Нас ещё очень много – отбывших полную строевую в Советской Армии, и каждый из нас помнит службу по-своему. Поэтому не претендую ни на какие обобщения, а просто-напросто складываю нехитрую мозаику из сохранившихся обрывков. Да даже и не мозаику (где узор? орнамент? арабеска?) – цепочку следов по отрезку времени: мною отрезано, но не мною отмерено. Три осени, две зимы, два лета…
Вести дневник в армии – непозволительная и даже запрещённая роскошь. Особенно на первом году службы, когда ты виден всем всегда и отовсюду. Когда ещё не приобрёл ценнейших умений: укрываться, увиливать, увёртываться, уклоняться, уходить в себя и глубже, оставаясь в то же время там же, среди тех же и в том же армейском качестве.
Однако я дневник вёл – в записных книжках, вперемешку со стихами, в тетрадях для конспектов – бок о бок с записями об агрессивных империалистических блоках и блоках питания для радиостанции , просто в письмах, которые не возбранялись. Я накапливал записи за два-три дня, а после укладывал листочки, наброски, клочки в конверты, адресуемые друзьям и подругам, оставшимся на «гражданке». Вернувшись со службы, первым делом объехал своих знакомых, кстати, успевших отдалиться от меня лет на десять, и собрал практически всё: мой урожай за два года. Записи с пятого на десятое, сокращённые иногда до одних согласных (наивная попытка зашифроваться от могущественной военной цензуры – на всякий случай). В них многое оказалось пропущенным, многое, как теперь вижу, я посчитал несущественным, а оно-то и являлось главным… Меня удивляет и радует другое: в солдатском дневнике так мало о собственно солдатчине, которою всё-таки были заполнены ровно двадцать четыре часа в сутки.
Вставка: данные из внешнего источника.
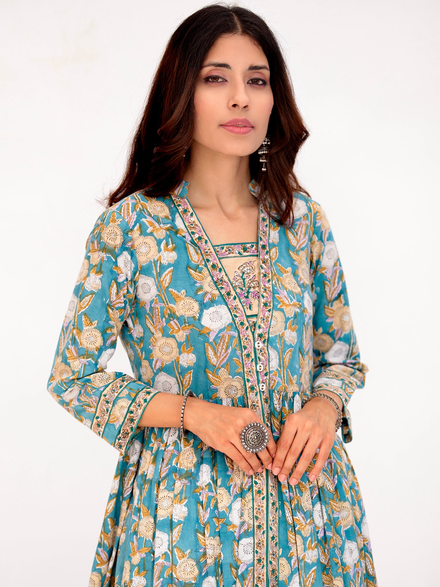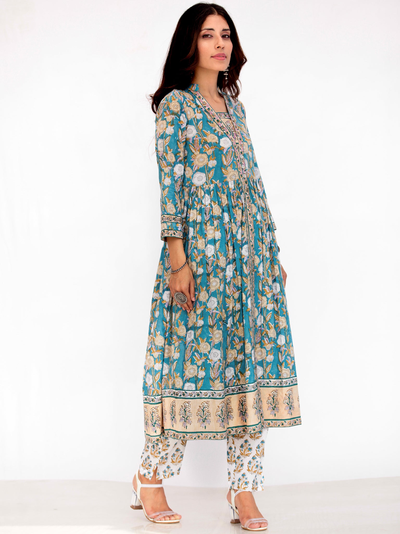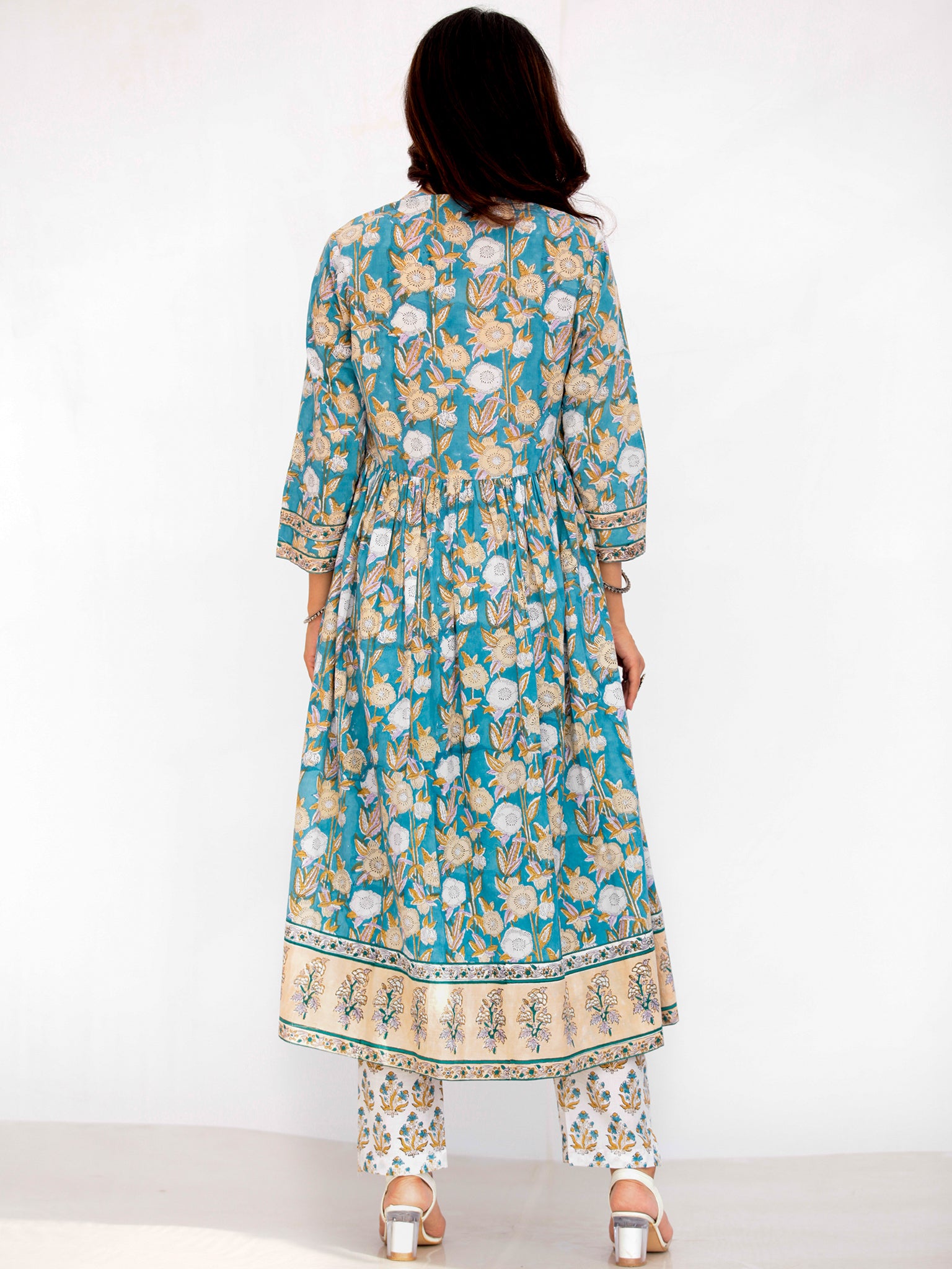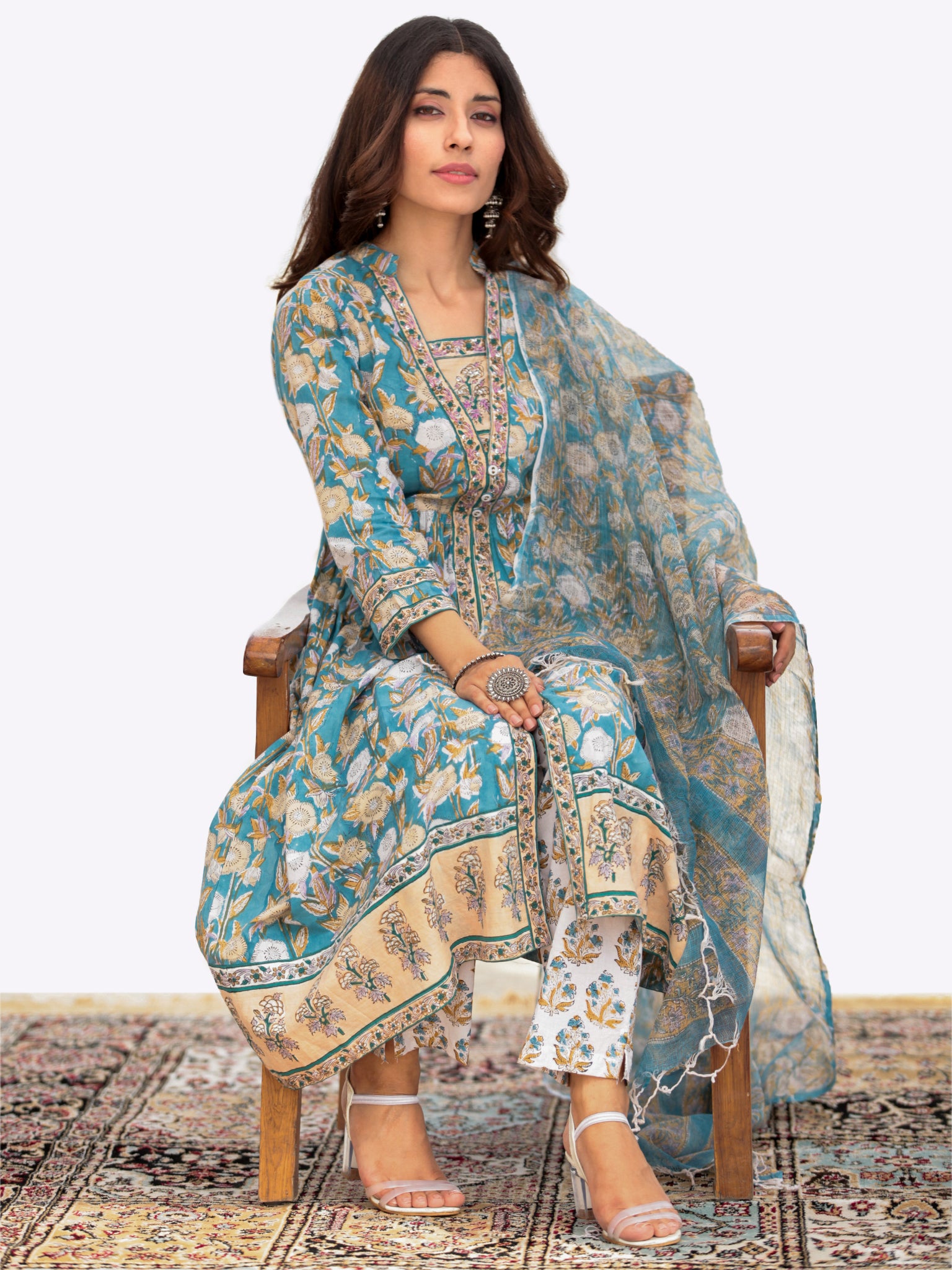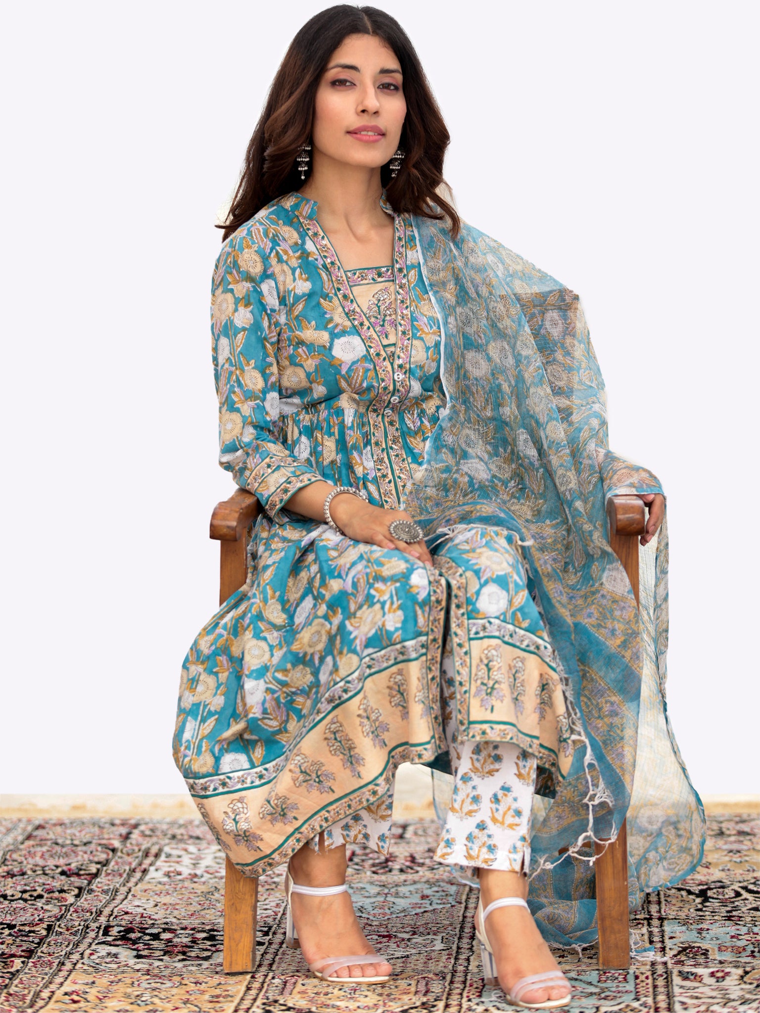 Product: This set contains Handcrafted Sanganeri Premium Cotton Kurta, 100% Cotton Palazzo Pants and Kota Doria Dupatta.
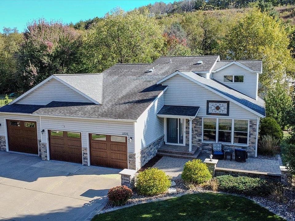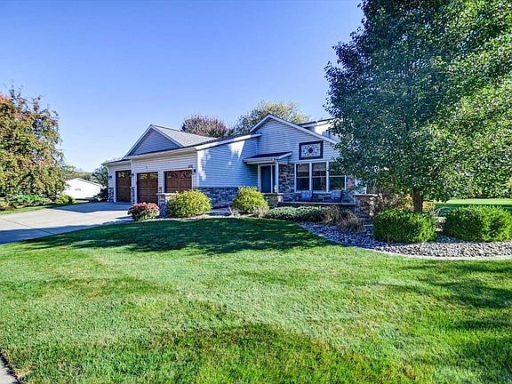 Pride of ownership all over this home! From the time you walk in you will see for yourself. Home features good sized Foyer that opens to Living Room. Very workable Kitchen with Stone Counters, Maple Cabinets and Island. Big Main Level Primary Bedroom with Tile shower/bath and large closet. 2nd story features 2 good sized bedrooms, one with direct access to bath, another large walk-in closet with extra space. Bonus 7x11 Craft/Play Room plus 5x22 area for storage. Huge LL is unfinished and ready for living area expansion. 3-1/2 stall, Finished, Heated Garage is to die for. Painted, Coated Floor and Gladiator wall hanging panels. Paver patio front entrance and large composite Deck in back. Large Corner lot with mature trees next to public area with playground equipment.
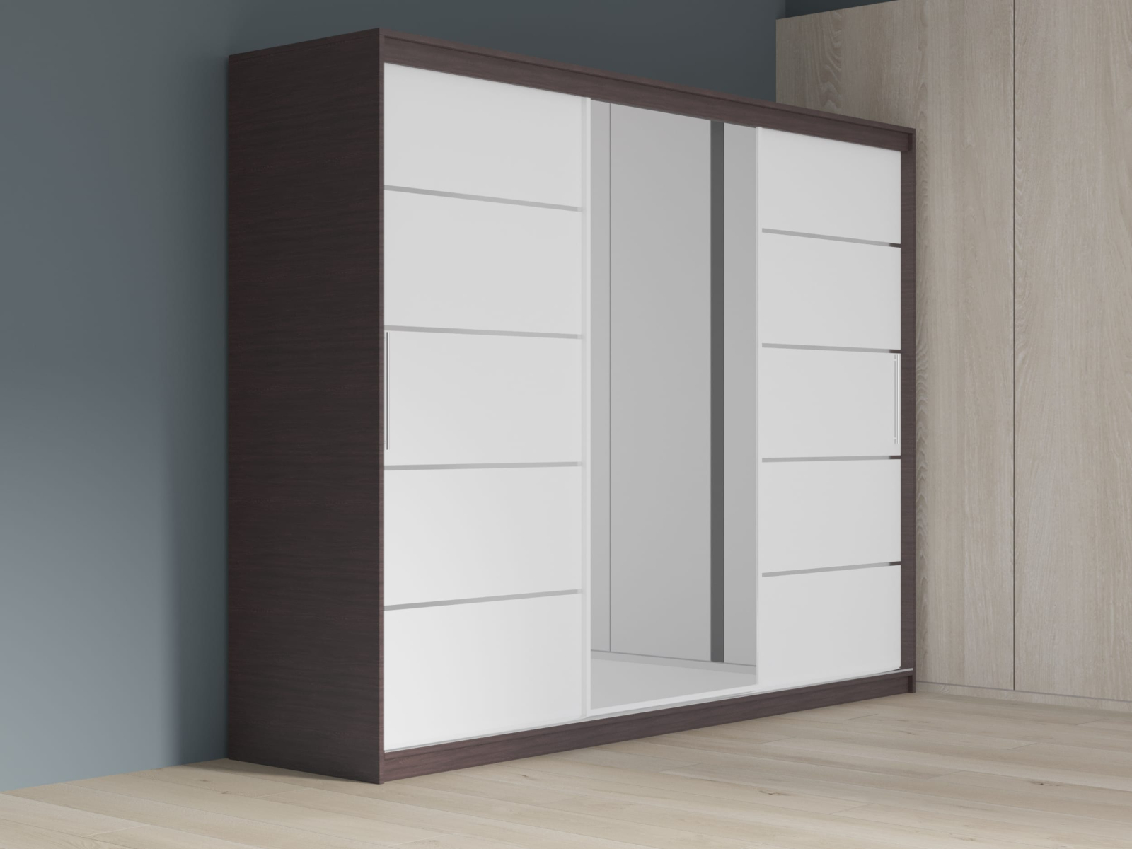 Dulap cu 3 usi glisante Atlantic cu oglinda, 250 cm, Wenge/Alb
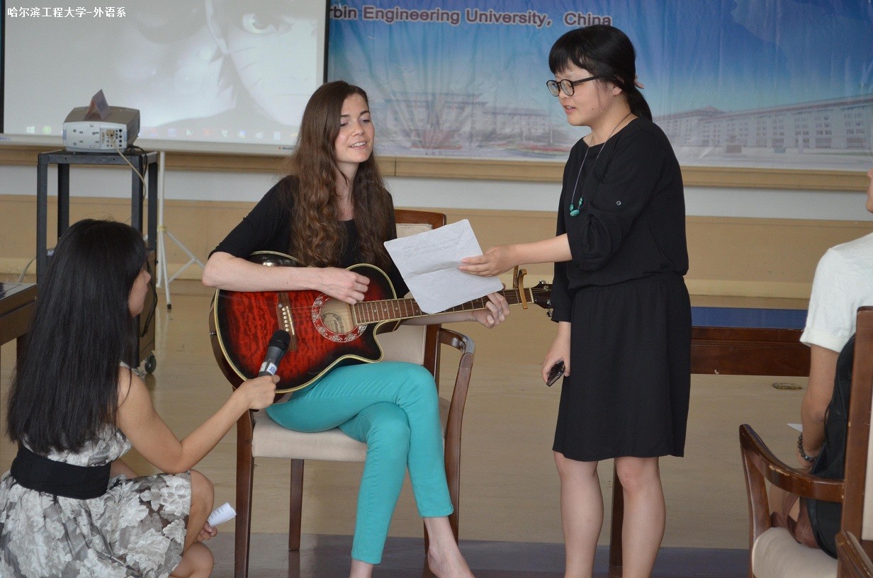 隨后,外語系黨委書記陳巖教授上臺致辭表達對畢業(yè)同學們的祝福,并寄予了由衷的期望,“而今邁步從頭越”,希望同學們昂首闊步地走出校門,迎接新的人生。最后,由外教Ruthy吉他伴奏,全體師生合唱《朋友》來祝福自己,祝福同窗。
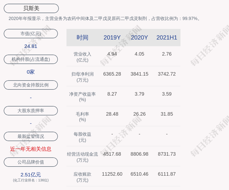 2020年年报显示,贝斯美的主营业务为农药中间体及二甲戊灵原药二甲戊灵制剂,占营收比例为:99.97%。
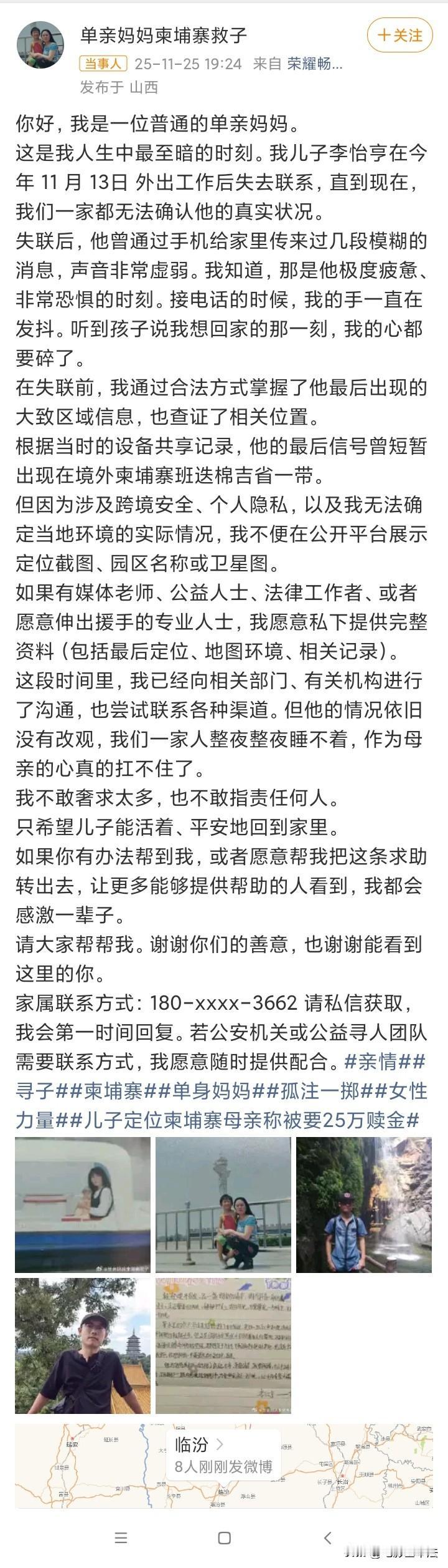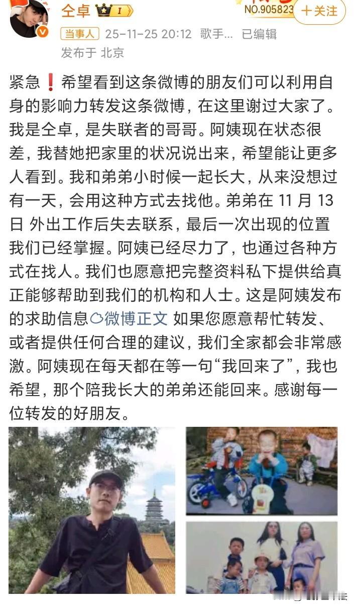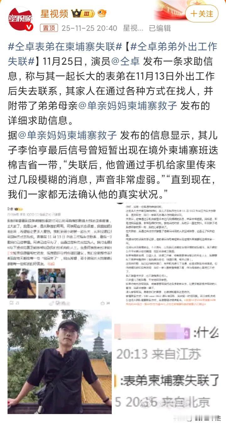 仝卓,紧急发文! 11月25日,久未露面的仝卓意外发文了,开头居然用了紧急二字,看完全文才知道,原来他的表弟,阿姨家的儿子外出找工作后失联了,而表弟失联前最后出现地点是在柬埔寨! 网友们纷纷评论: 仝卓虽然有污点,但从人道主义角度出发有必要帮忙宣传。 说多少次都拦不住一些人的发财梦。 都多少年了,这时候去那的,是主动的还是被动的? 是正规工作签吗,不是的话别浪费大家精力。 所以他是跑那边去的还是被绑过去的? 明知山有虎,偏向虎山行,作为成年人,不知道东南亚多危险? 还去东南亚,总有人有侥幸心理。 现在诈骗新闻满天飞,怎么还是那么多人前赴后继? …… 仝卓说表弟是因为找工作去柬埔寨的,那就让人搞不懂了,这年头居然还有去柬埔寨找工作的?哎,不管如何,希望人能尽快找到! 前几天看到有个国内明星因为近期风评不好不敢在国内高调,于是去东南亚搞粉丝见面会,让国内粉丝千里迢迢去人生地不熟的国家,粉丝大多数还都是小女孩,去东南亚真的很危险,这种见面会应该被禁止!
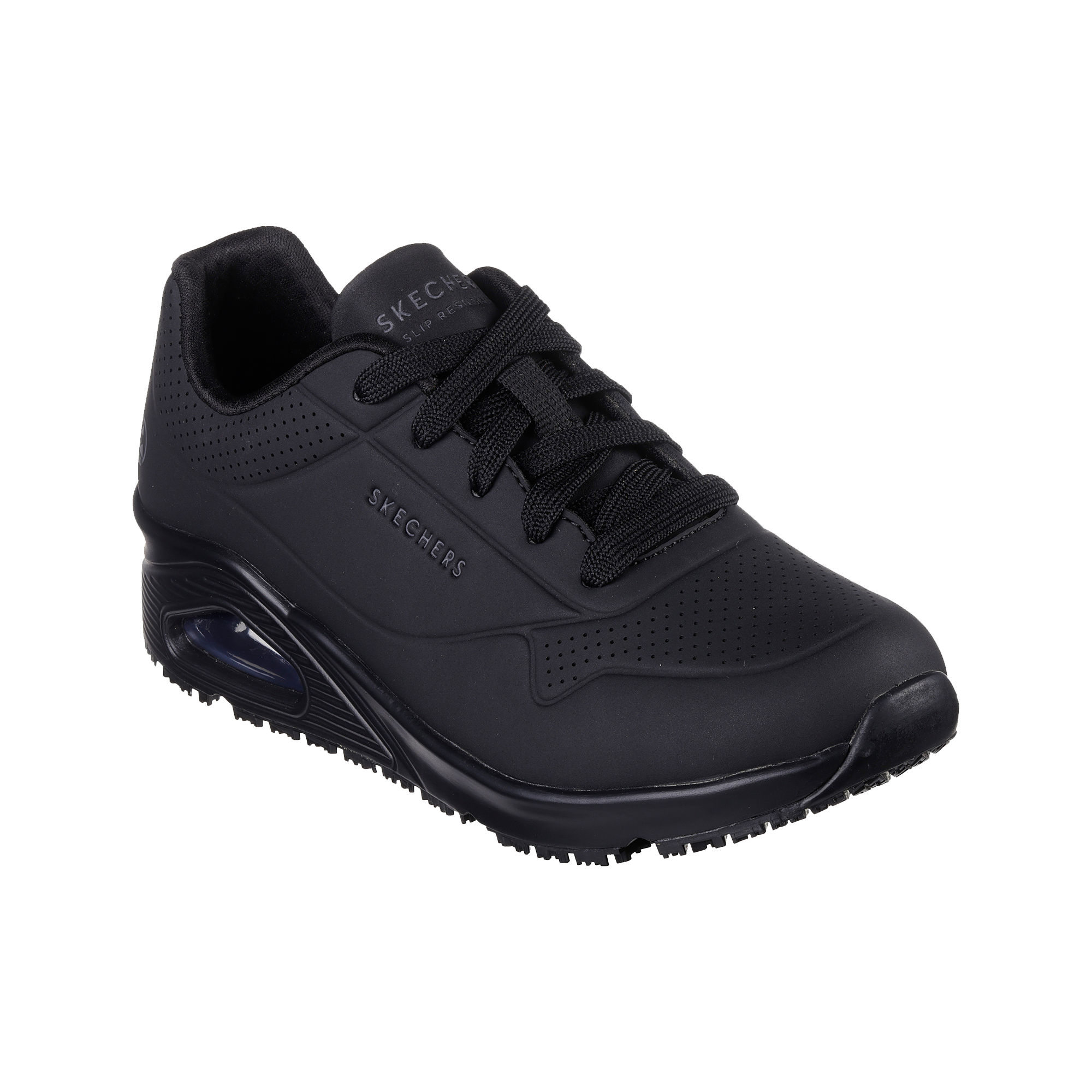 Skechersin luistamaton malli, jossa on Skech-Air, näkyvä pehmustava ilmatyyny. Mattapintaisessasynteettisessä päällisessä on kohokuvioidut detaljit ja mukava verkkovuori. Air Cooled MemoryFoam ‑sisäpohja. Kenkä on ESD-hyväksytty ja ulkopohja on öljynkestävä ja luistamaton.EN ISO 20347:2012 01 FO SRC ESD

Что ж, и теперь не стану (и без того уже об этом понаписано в прорвавшейся прозе восьмидесятых-девяностых!) рассказывать о дедовщине, впрочем сравнительно в мягком варианте – для нашего призыва в нашем отдельном полку. Не возьмусь повествовать о побегах, самоволках и «самострелах», о полевых лагерях и наших горе-учениях (вплоть до командно-штабных целого округа с участием московских генералов и добродушно писавшего под сосну маршала). Не буду о том, о другом, о третьем, хотя поживописать можно: «два года, словно два народа, прошли и густо наследили…» Сколько человеческих типов, характеров, натур, манер, выходок, лиц! При всей повторяемости уставной жизни – сколько разнообразных ситуаций, состояний, переживаний!.. Может, когда-нибудь и соберусь. В другой раз.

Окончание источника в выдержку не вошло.